4. Here is my version:

public class Main {

static boolean VampN(int x, int y) {
if( Integer.toString(x*y).length()==4 ) {
int[] d = {x*y/1000,(x*y-(x*y/1000)*1000)/100,(x*y-(x*y/100)*100)/10,x*y-(x*y/10)*10};
int[] di = {0,0,0,0};

for (int i=0; i<4; i++)
if(x/10 == d[i] && di[i] == 0) {
di[i]=1;
break;
}
for (int i=0; i<4; i++)
if(x-(x/10)*10 == d[i] && di[i] == 0) {
di[i]=1;
break;
}
for (int i=0; i<4; i++)
if(y/10 == d[i] && di[i] == 0) {
di[i]=1;
break;
}
for (int i=0; i<4; i++)
if(y-(y/10)*10 == d[i] && di[i] == 0) {
di[i]=1;
break;
}
for (int i=0; i<4; i++)
if(di[i]==0) return false;
}
else
return false;
return true;
}

public static void main(String[] args) {
// TODO code application logic here
for( int i=10; i<=99; i++)
for(int j=10; j<=99; j++)
if (VampN(i, j))
System.out.println(i+" x "+j+" = "+(i*j));
}

}

5. public class VampNumbers {

//method to join two single digits into a two digit number
static int join(int x, int y){
return(x * 10) + y;
}

//method to print vampire number if two derived numbers are equal to original
static void printVamp(int i, int x, int y){
if((x*y)==i){
System.out.println(i + " is a vampire number");
}
}

public static void main(String[] args) {
for(int i = 1000; i <=9999; i++){

//break 4 digit number into single digits
int a = i / 1000;
int b = (i % 1000) / 100;
int c = ((i % 1000) % 100) / 10;
int d = ((i % 1000) % 100) % 10;

//send all variations of multiplication to the printVamp method
printVamp(i, join(a, b), join(c, d));
printVamp(i, join(a, b), join(d, c));
printVamp(i, join(a, c), join(b, d));
printVamp(i, join(a, c), join(d, b));
printVamp(i, join(a, d), join(b, c));
printVamp(i, join(a, d), join(c, b));
printVamp(i, join(b, a), join(c, d));
printVamp(i, join(b, a), join(d, c));
printVamp(i, join(b, c), join(d, a));
printVamp(i, join(b, d), join(c, a));
printVamp(i, join(c, a), join(d, b));
printVamp(i, join(c, b), join(d, a));
}
}
}

6. I prefer simple very simple and easy to understand coding. I hope this helps :)

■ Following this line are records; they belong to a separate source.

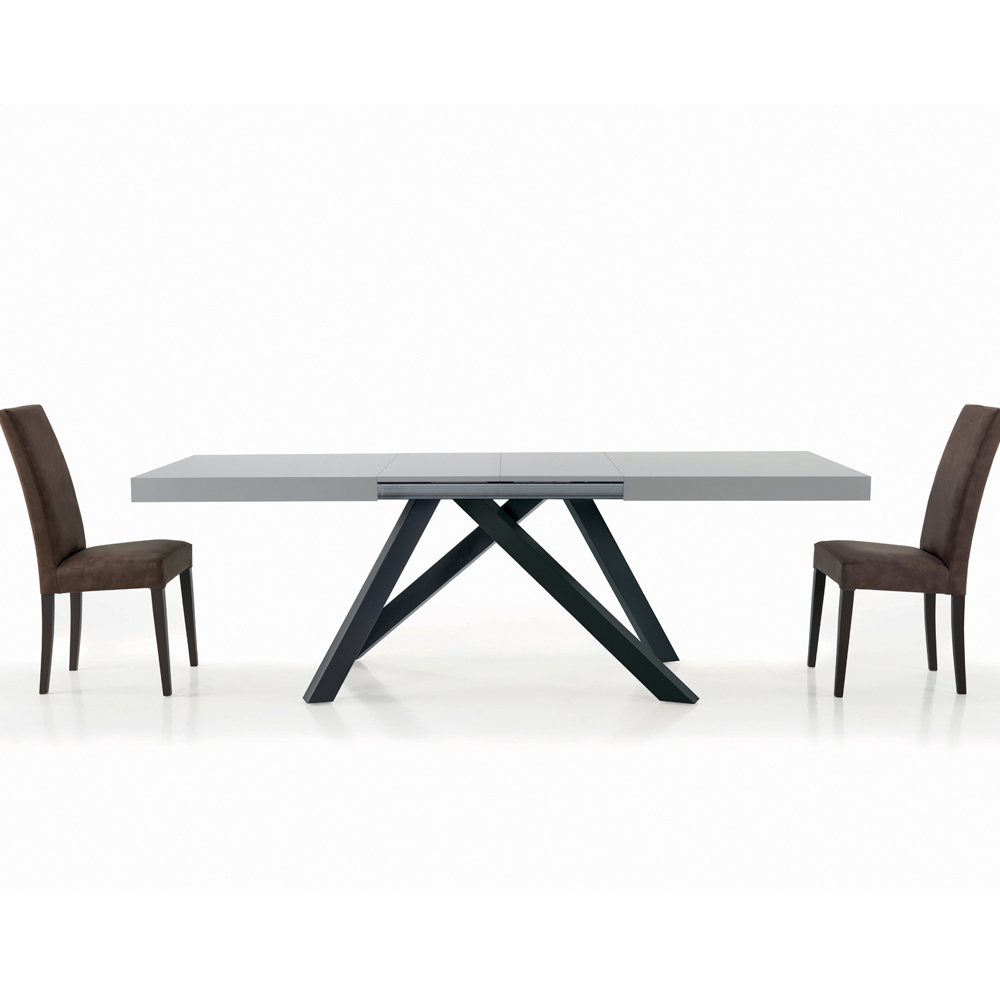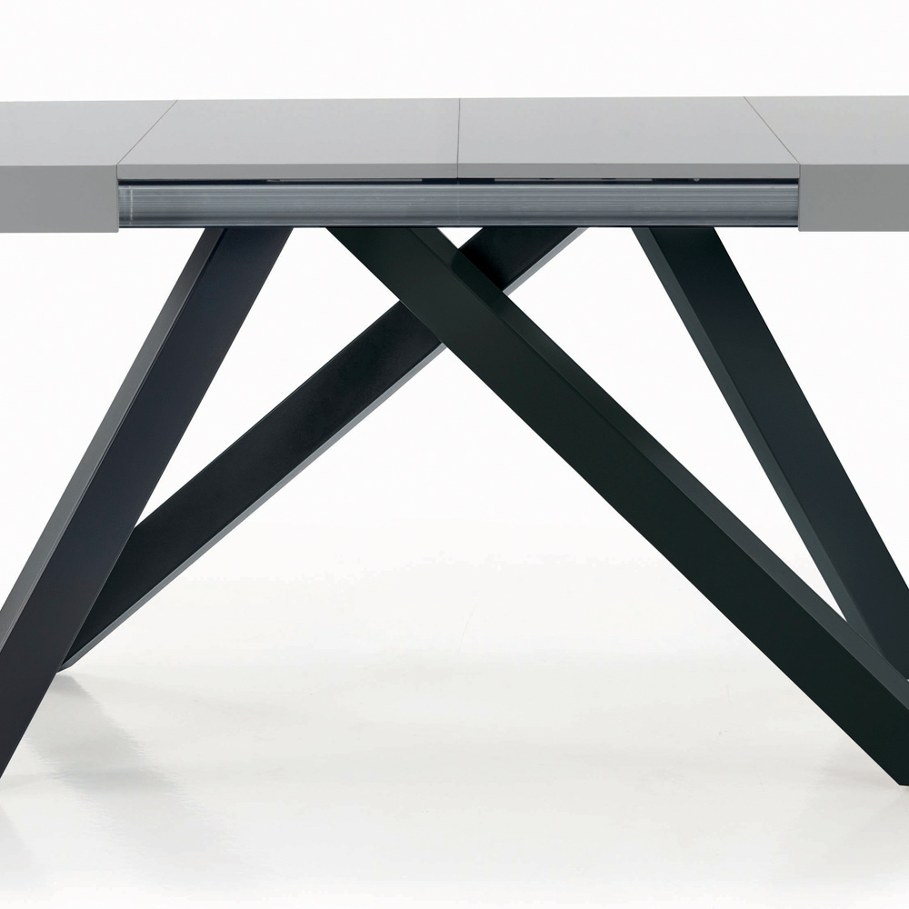 Extendable lounge table with synchronized central opening (internal extensions), matt white laminate top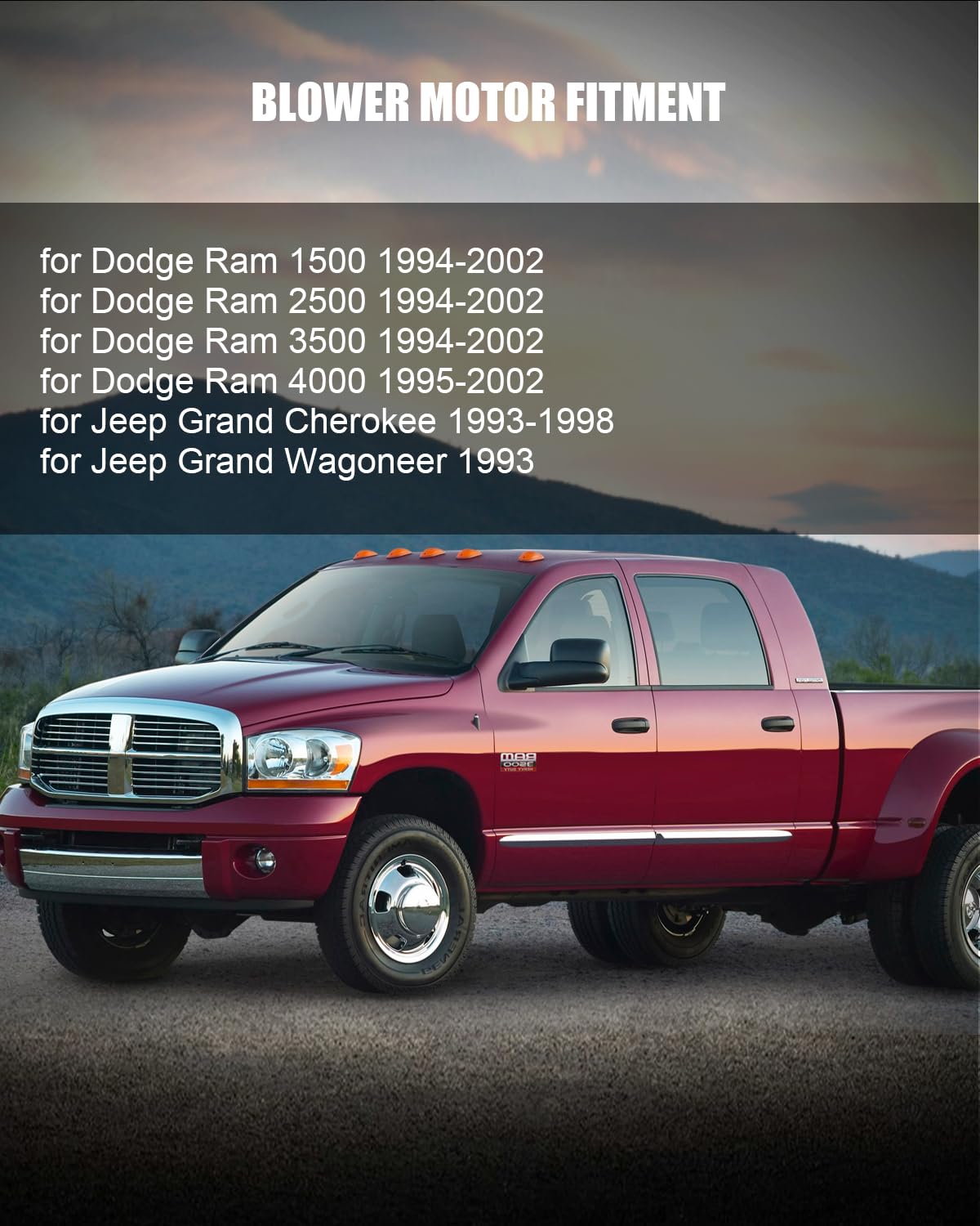 - [COMPATIBILIDADE] —- O Ventilador do Motor do Aquecedor de Ar Condicionado é compatível com Dodge Ram 2500 (1994-2002), Dodge Ram 4000 (1995-2002), Jeep Grand Wagoneer (1993), Dodge Ram 3500 (1994-2002), Jeep Grand Cherokee (1993-1998) e Dodge Ram 1500 (1994-2002).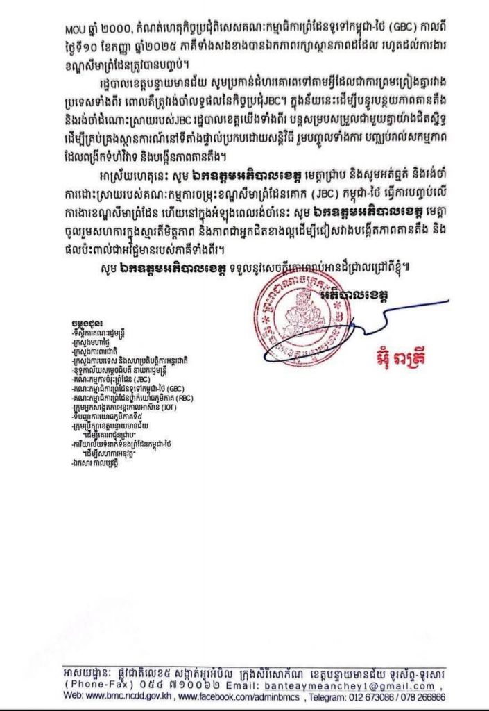 (ភ្នំពេញ)៖ តាមរយៈលិខិតចុះថ្ងៃទី៨ ខែតុលា ឆ្នាំ២០២៥ លោក អ៊ុំ រាត្រី អភិបាលខេត្តបន្ទាយមានជ័យរបស់កម្ពុជា ផ្ញើជូនលោកអភិបាលខេត្តស្រះកែវរបស់ថៃ, ភាគីកម្ពុជាបញ្ជាក់ថា ទីតាំងដែលរដ្ឋបាលខេត្តស្រះកែវបានតវ៉ា គឺស្ថិតក្នុងភូមិជោគជ័យ ឃុំអូរបីជាន់ ស្រុកអូរជ្រៅ ខេត្តបន្ទាយមានជ័យ ហើយទីតាំងនេះប្រជាពលរដ្ឋកម្ពុជាបានរស់នៅ កាន់កាប់ និងប្រើប្រាស់អាស្រ័យផលជាយូរមកហើយ មុនការចូលជាធរមាន MOU ឆ្នាំ២០០០។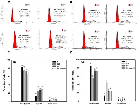 Effect of SB and ST on the cell cycle progression of HSC-3. (A,B) After the treatment of SB and ST at various concentrations for 72 h, HSC-3 cells were harvested, stained with propidium iodide, and analyzed by flow cytometry. Flow cytometric histograms are representative of three separate experiments. (C,D) Quantification of the percentage of HSC-3 cells treated by SB and ST in the cell cycle. Bars represent standard deviations from triplicate determinations. Different letters indicate significant differences (p < 0.05).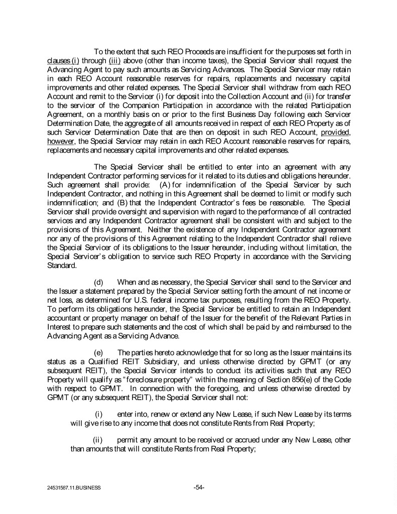 To the extent that such REO Proceeds are insufficient for the purposes set forth in clauses (i) through (iii) above (other than income taxes), the Special Servicer shall request the Advancing Agent to pay such amounts as Servicing Advances. The Special Servicer may retain in each REO Account reasonable reserves for repairs, replacements and necessary capital improvements and other related expenses. The Special Servicer shall withdraw from each REO Account and remit to the Servicer (i) for deposit into the Collection Account and (ii) for transfer to the servicer of the Companion Participation in accordance with the related Participation Agreement, on a monthly basis on or prior to the first Business Day following each Servicer Determination Date, the aggregate of all amounts received in respect of each REO Property as of such Servicer Determination Date that are then on deposit in such REO Account, provided, however, the Special Servicer may retain in each REO Account reasonable reserves for repairs, replacements and necessary capital improvements and other related expenses. The Special Servicer shall be entitled to enter into an agreement with any Independent Contractor performing services for it related to its duties and obligations hereunder. Such agreement shall provide: (A) for indemnification of the Special Servicer by such Independent Contractor, and nothing in this Agreement shall be deemed to limit or modify such indemnification; and (B) that the Independent Contractor’s fees be reasonable. The Special Servicer shall provide oversight and supervision with regard to the performance of all contracted services and any Independent Contractor agreement shall be consistent with and subject to the provisions of this Agreement. Neither the existence of any Independent Contractor agreement nor any of the provisions of this Agreement relating to the Independent Contractor shall relieve the Special Servicer of its obligations to the Issuer hereunder, including without limitation, the Special Servicer’s obligation to service such REO Property in accordance with the Servicing Standard. (d) When and as necessary, the Special Servicer shall send to the Servicer and the Issuer a statement prepared by the Special Servicer setting forth the amount of net income or net loss, as determined for U.S. federal income tax purposes, resulting from the REO Property. To perform its obligations hereunder, the Special Servicer be entitled to retain an Independent accountant or property manager on behalf of the Issuer for the benefit of the Relevant Parties in Interest to prepare such statements and the cost of which shall be paid by and reimbursed to the Advancing Agent as a Servicing Advance. (e) The parties hereto acknowledge that for so long as the Issuer maintains its status as a Qualified REIT Subsidiary, and unless otherwise directed by GPMT (or any subsequent REIT), the Special Servicer intends to conduct its activities such that any REO Property will qualify as “foreclosure property” within the meaning of Section 856(e) of the Code with respect to GPMT. In connection with the foregoing, and unless otherwise directed by GPMT (or any subsequent REIT), the Special Servicer shall not: (i) enter into, renew or extend any New Lease, if such New Lease by its terms will give rise to any income that does not constitute Rents from Real Property; (ii) permit any amount to be received or accrued under any New Lease, other than amounts that will constitute Rents from Real Property; 24531587.11.BUSINESS -54-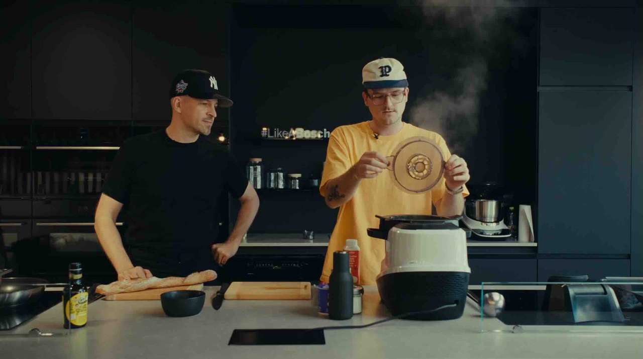 Sowohl Stress als auch Noah Bachofen sind vertraute Gesichter für Bosch. Als Markenbotschafter ist Stress nicht nur die Stimme der Schweizer #LikeABosch-Kampagnen, sondern stand auch bereits mehrfach für die Hausgerätemarke vor der Kamera. Mit Noah Bachofen hat Bosch Home schon zahlreiche Rezeptvideos und 2023 die Co-Creation-Serie „Gemüseroulette“ umgesetzt. Für die zweite Staffel von „Special Guest“ beweist das Duo nun erneut seine kreative Chemie am Herd.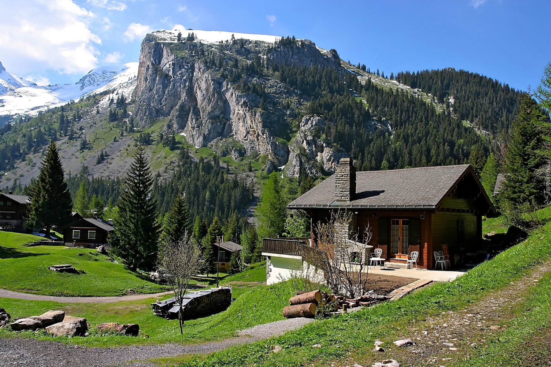 Edytor tapety: Góry, Alpy, Lasy, Dolina, Domy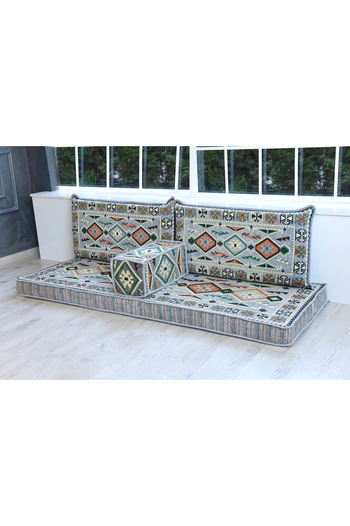 FLOOR CUSHION 1 x 70 x 190 x 10 cm BACK CUSHION 2 x 40 x 90 x 10 or 12 cm ARMREST 1 x 20 x 20 x 50 or 22 x 22 x 48 cm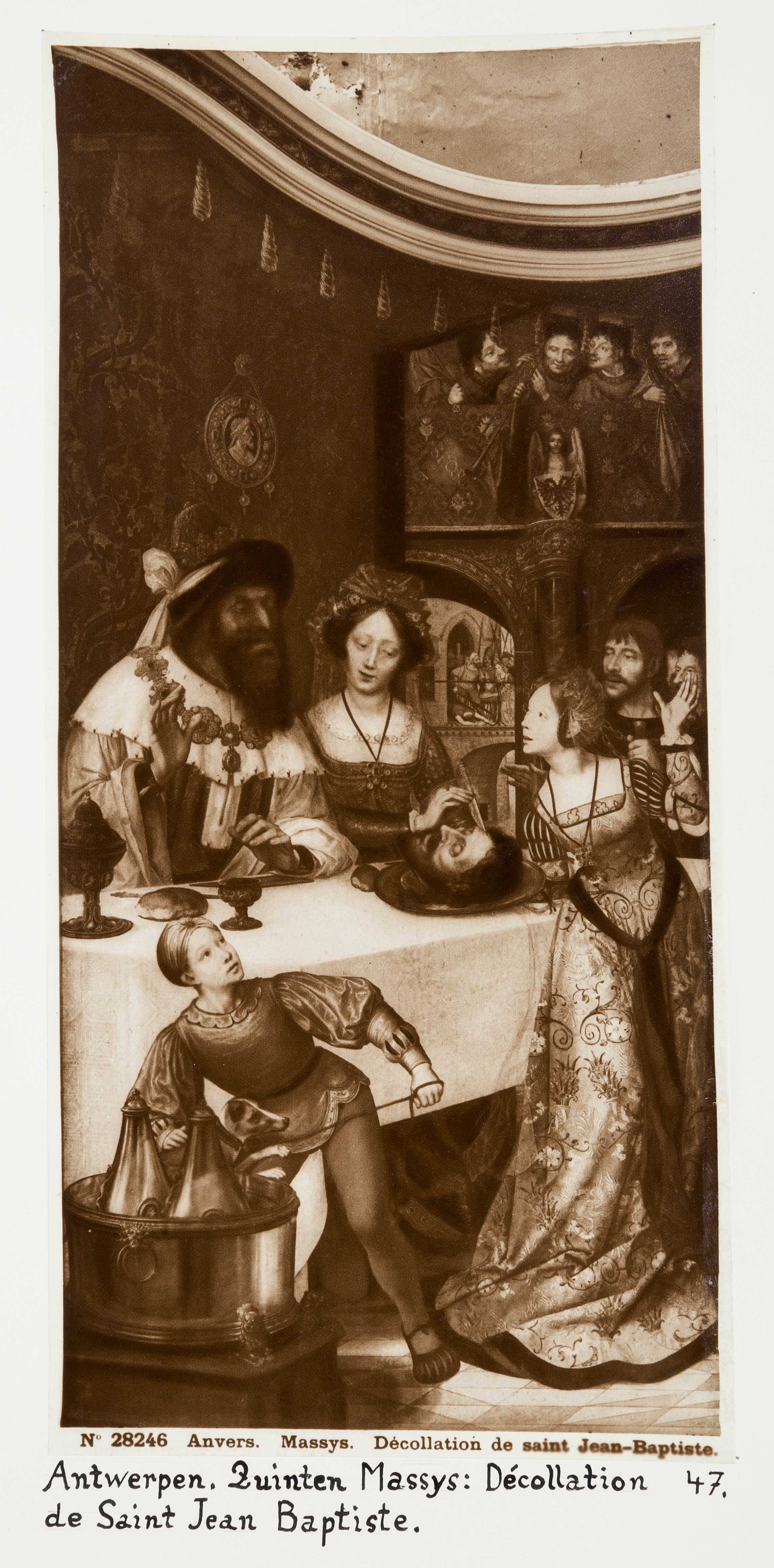 Fotografi. Johannes Döparens halshuggning, av Quinten Matsys. Finns på Koninklijk Museum voor Schone Kunsten i Antwerpen. Text på originalet: "Quinten Massys: Décollation de Saint Jean Baptiste." Fotografierna LXVI:Q.01.-55. kommer från en resa genom Schweiz, Belgien och Holland, som Wilhelmina von Hallwyl gjorde den 4 juni - 1 augusti 1927. Med på resan var fröken Sonja Gelotte, professor Nils Lithberg, herr Karl Andersson och kammartjänaren John Petterson. Nils Lithberg lämnade sällskapet efter vistelsen i Schweiz. Fotografierna är inköpta av Wilhelmina i Basel, Zürich, Bryssel, Antwerpen, Haag och Amsterdam. Uppgifterna kommer från Sonja Gelottes reseanteckningar.

import java.io.IOException;
/**
*
* @author Abhinav Mathur
*/
class NewClass3
{
public static void main(String args[]) throws IOException
{
int e=0;
System.out.print("Enter 1st two digit number = ");
System.out.print("Enter 2nd two digit number = ");
int c=a*b;
int f=c;
int d=a*100+b;
for(int i=0;i<4;i++)
{
int num1=d%10;
d=d/10;
c=f;
for(int j=0;j<4;j++)
{
int num2=c%10;
c=c/10;
if(num1==num2)
{
e++;
}
}
}
if(e==4)
{
System.out.println("VAMPIRE NUMBER");
}
else{
System.out.print("NOT A VAMPIRE NUMBER");
}
}
}